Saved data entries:
+===+
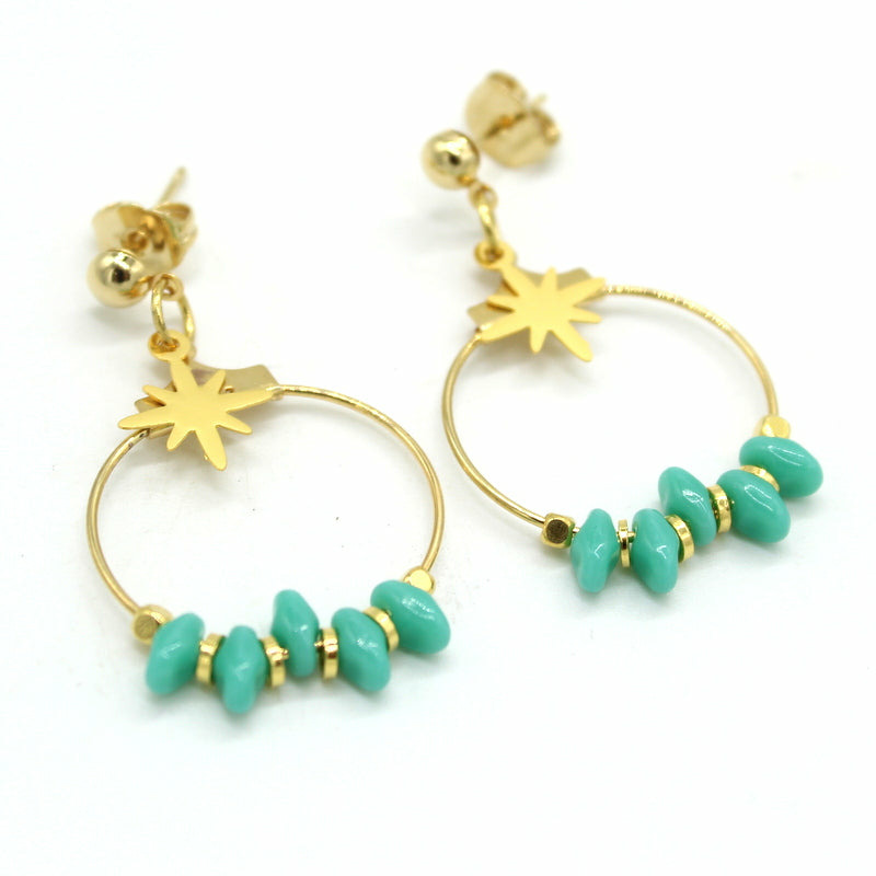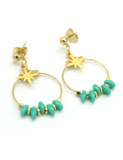 Boucles d'oreilles fermoir puce avec papillons dorés à l'or fin, perles en verre turquoise.
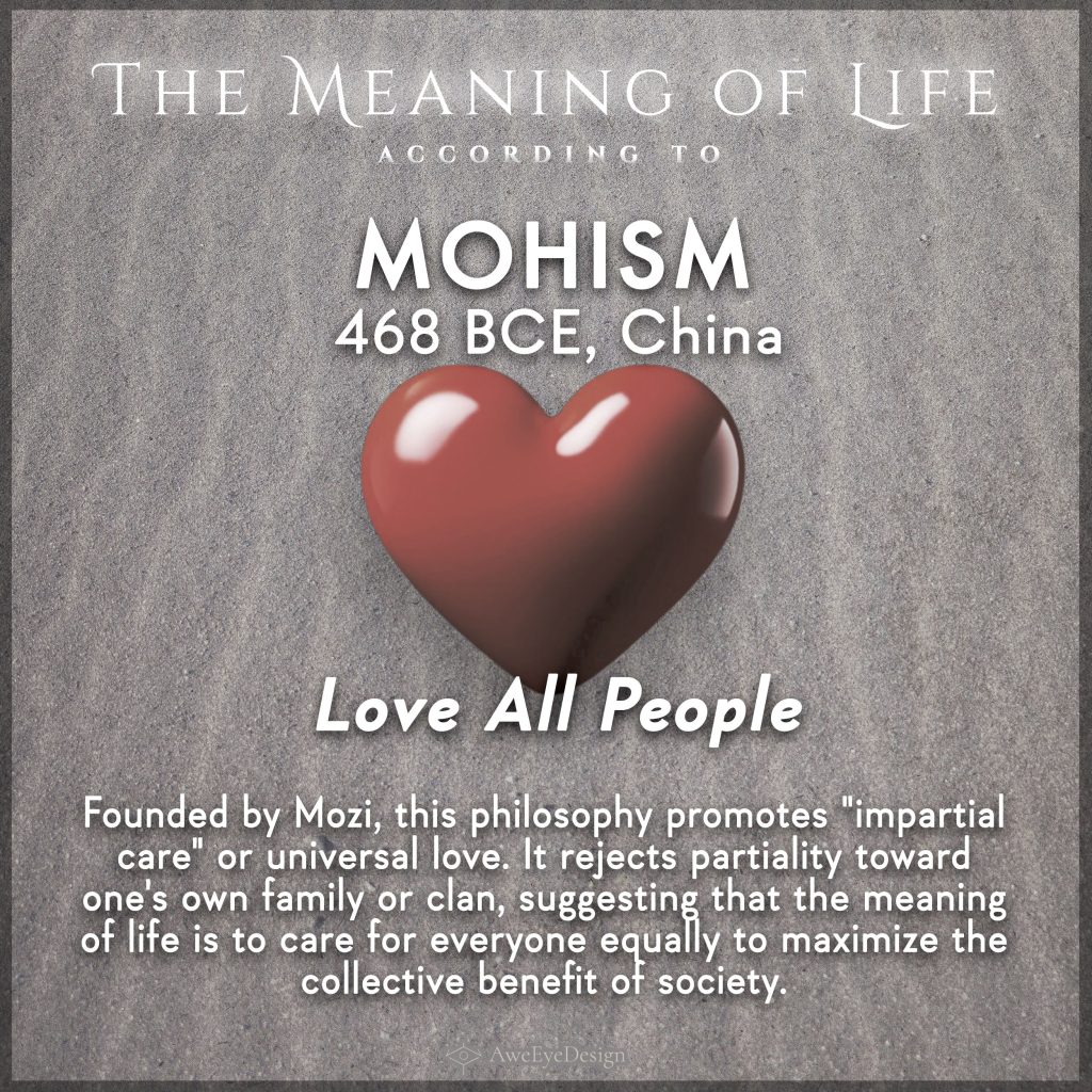 Founded by Mozi, this philosophy promotes “impartial care” or universal love. It rejects partiality toward one’s own family or clan, suggesting that the meaning of life is to care for everyone equally to maximize the collective benefit of society.
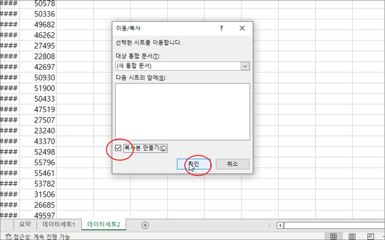 ▼ 그런데 문서가 아닌 [새 통합 문서] 를 클릭하면 새로 문서를 만듭니다. 이동/복사 대화상자에서 [새 통합 문서] 를 선택하고 아래쪽에 있는 [복사본 만들기] 체크박스를 클릭합니다. 체크하지 않으면 기존에 있던 워크시트가 사라집니다.
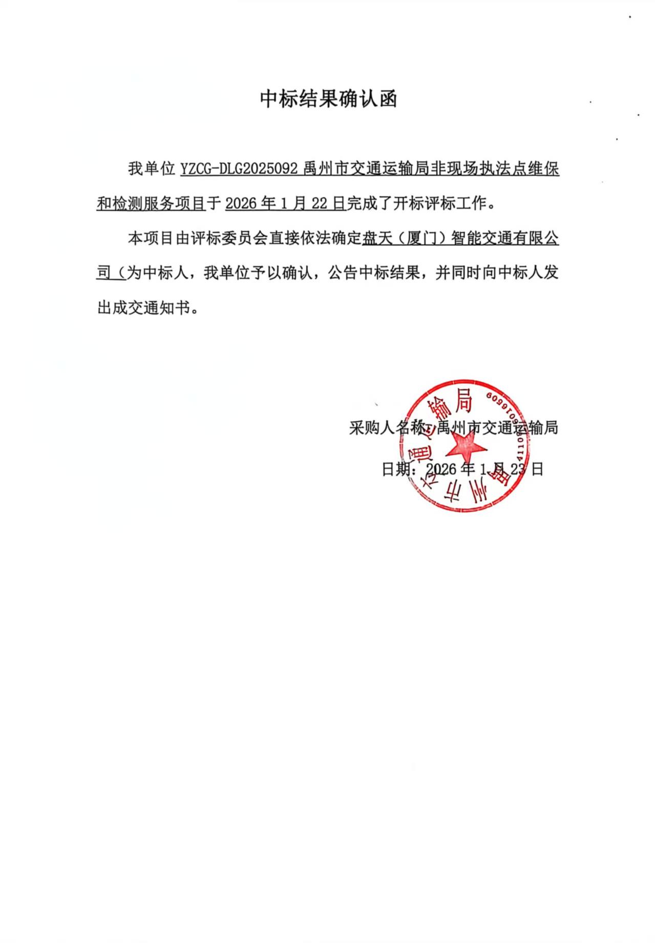 YZCG-DLG2025092禹州市交通运输局非现场执法点维保和检测服务项目-中标公告
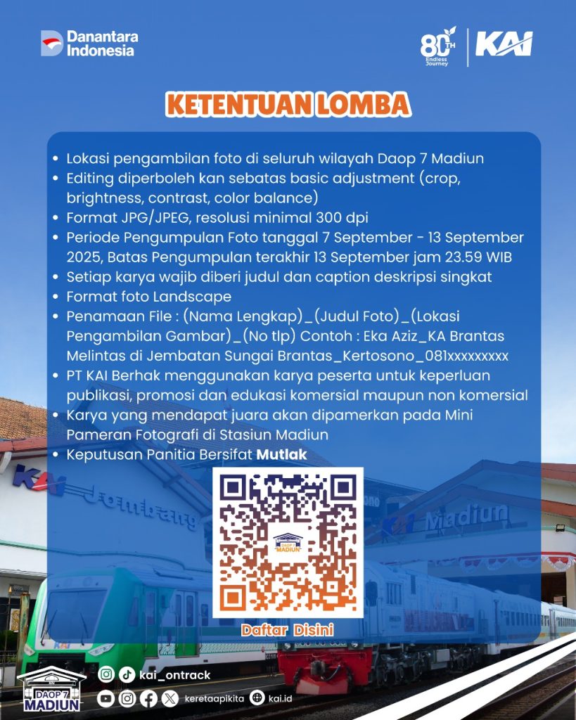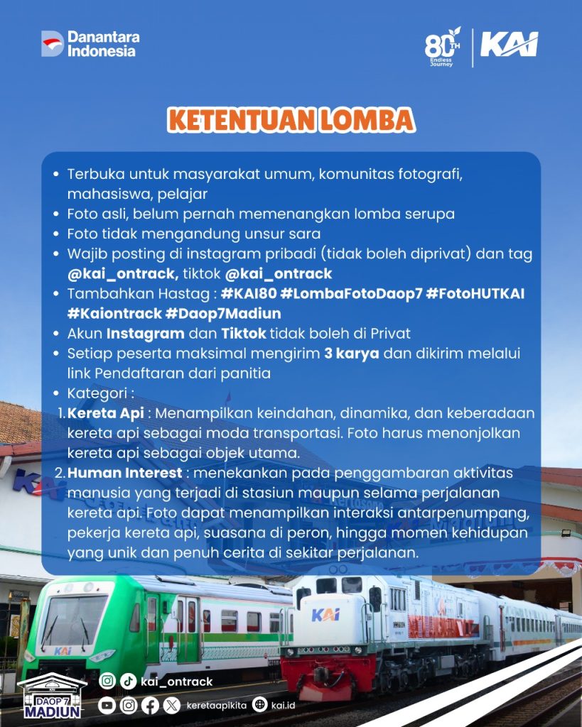 “Informasi lebih lanjut mengenai syarat dan ketentuan, serta jadwal pelaksanaan lomba dapat dilihat di media sosial resmi KAI Daop 7 Madiun yaitu instagram @kai_ontrack dan tiktok @kai_ontrack. Ayo, abadikan momen terbaikmu dan jadilah bagian dari perayaan HUT ke-80 KAI,” pungkas Zainul.*(sumber:humaskaidaop7)
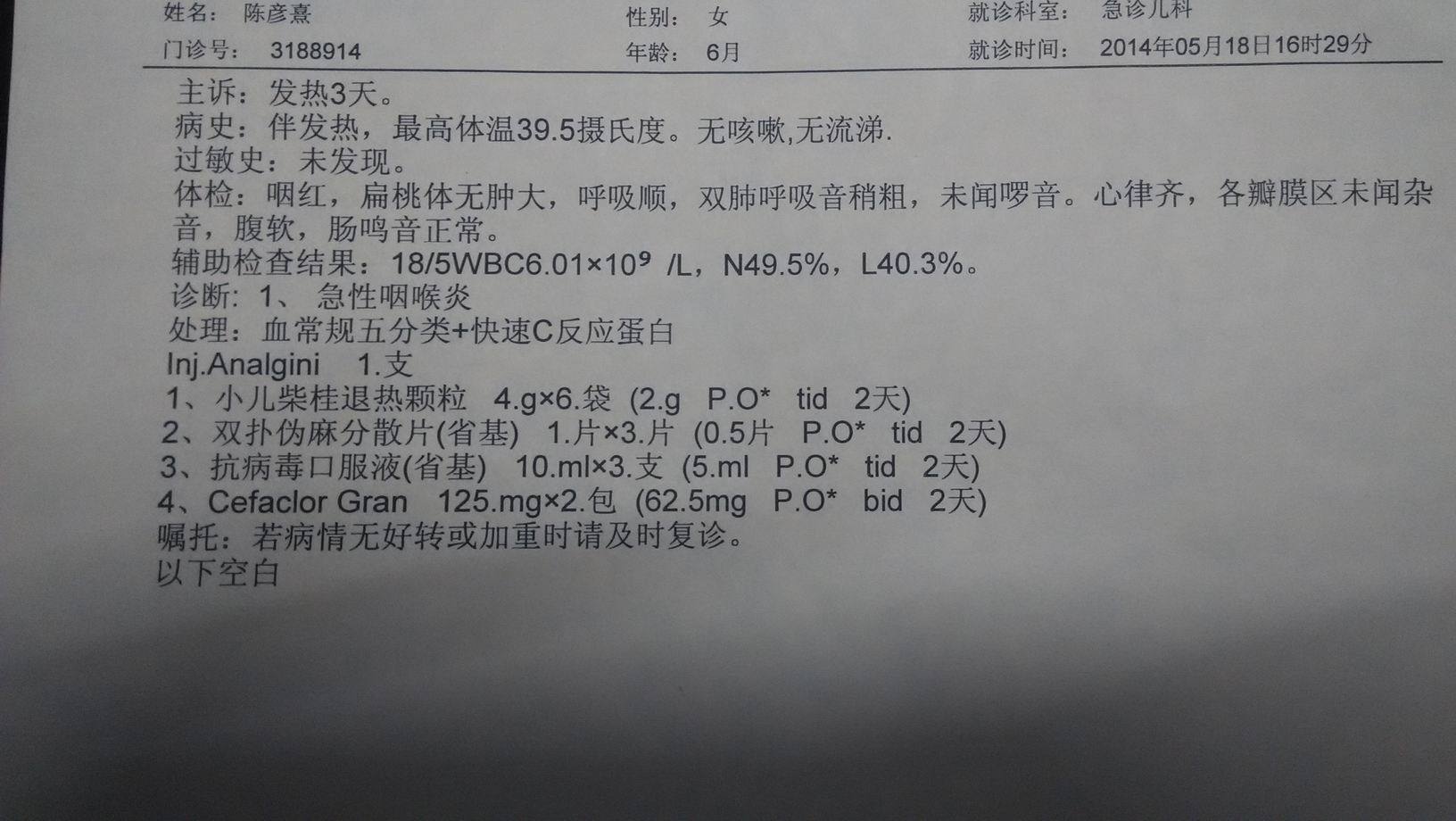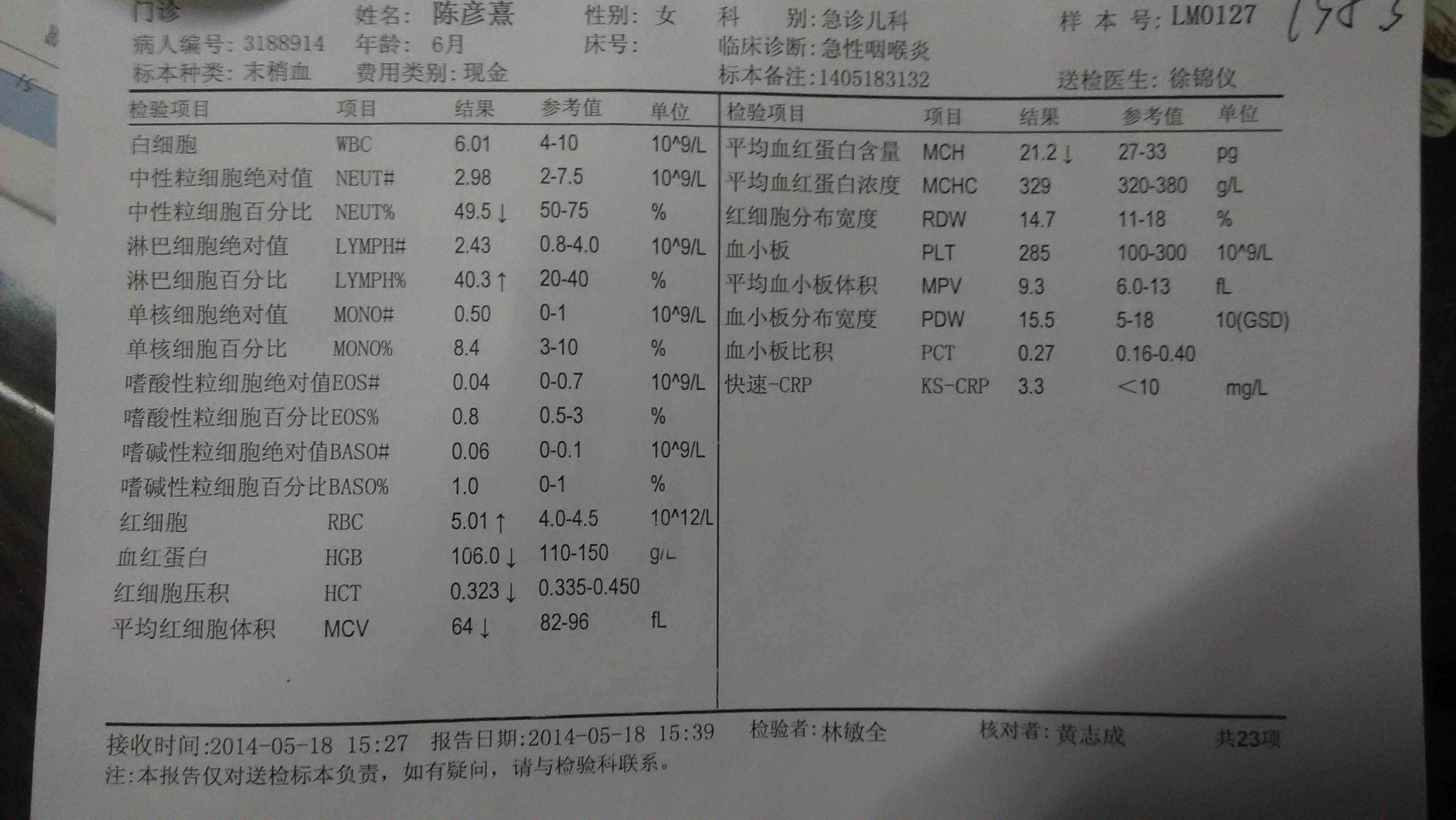 6个月宝宝发烧了,这个血常规报告属于病毒感染还是细菌感染 6个月宝宝发烧3天了,第一天用了退热贴,体温保持在37.8-38.2度,第二天晚上39.2度,喂退烧药降温到37.2度左右,第三天又烧到39.1度。1,去医院检查血常规,忘了医生说是属于病毒性还是细菌感染,麻烦帮我看看。2,如果是细菌感染,要不要喝抗病毒口服液?3,听说这么小就吃抗生素不好啊,如果体温降回37度左右可以不吃吗?谢谢 点击展开 匿名用户 2014-05-18 19:29 为您推荐: 其他回答 病情分析: 你宝宝这种情况,病毒感染和细菌感染都可能。 指导意见: 我看了医生的处方,还不错。要坚持吃,一般体温正常3天以后停药。 匿名用户 2014-05-18 20:25 相关问题 分别血常规病毒感染还是细菌感染 宝宝这两天就是发烧~去医院检查血常规白血球稍微有一点点高~拍x光也看不出来~肺上也没什么~这到底怎 宝宝11个月 4天前发烧前两天一直是37度多到38度5之间沒打针一直在吃药 后两天住院输液血常规检
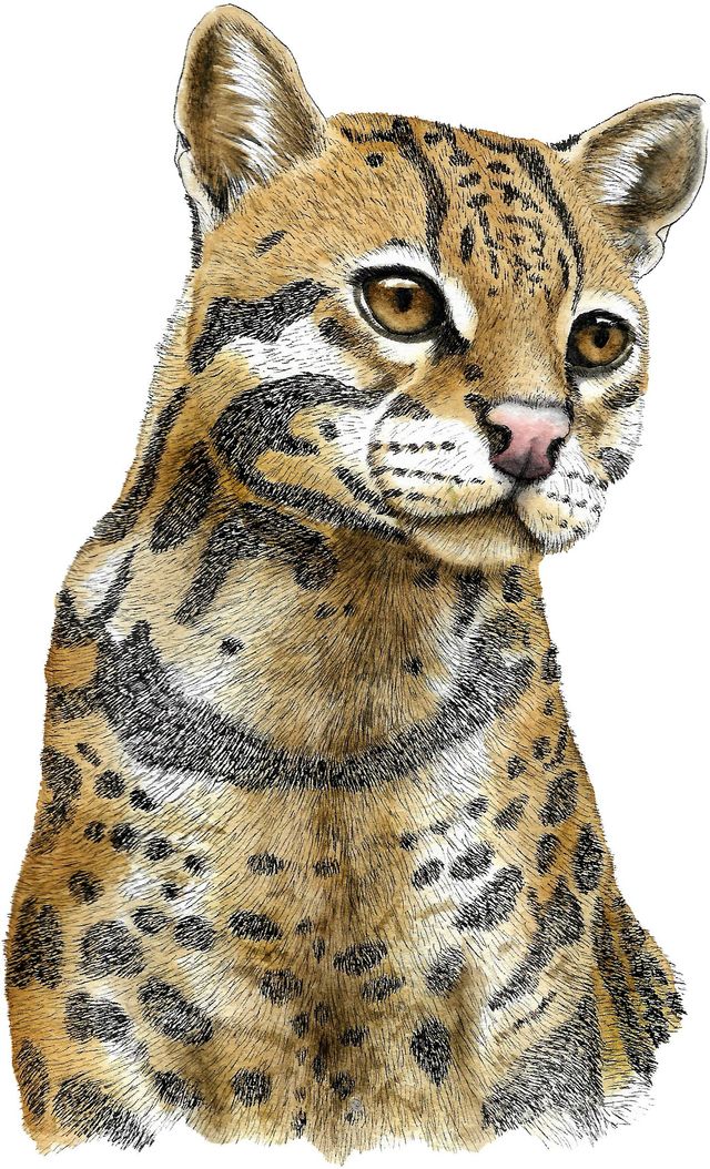 Mamíferos de Argentina. Pelajes en tinta y acuarela. Ilustración en vivo de un Ocelote.
+===+
All that should appear in the answer is the lines above from the line with "Founded by Mozi, this" through the line with "YZCG-DLG202509", retyped exactly, pictures left out.

ANSWER BELOW →
 Founded by Mozi, this philosophy promotes “impartial care” or universal love. It rejects partiality toward one’s own family or clan, suggesting that the meaning of life is to care for everyone equally to maximize the collective benefit of society.
 ▼ 그런데 문서가 아닌 [새 통합 문서] 를 클릭하면 새로 문서를 만듭니다. 이동/복사 대화상자에서 [새 통합 문서] 를 선택하고 아래쪽에 있는 [복사본 만들기] 체크박스를 클릭합니다. 체크하지 않으면 기존에 있던 워크시트가 사라집니다.
 YZCG-DLG2025092禹州市交通运输局非现场执法点维保和检测服务项目-中标公告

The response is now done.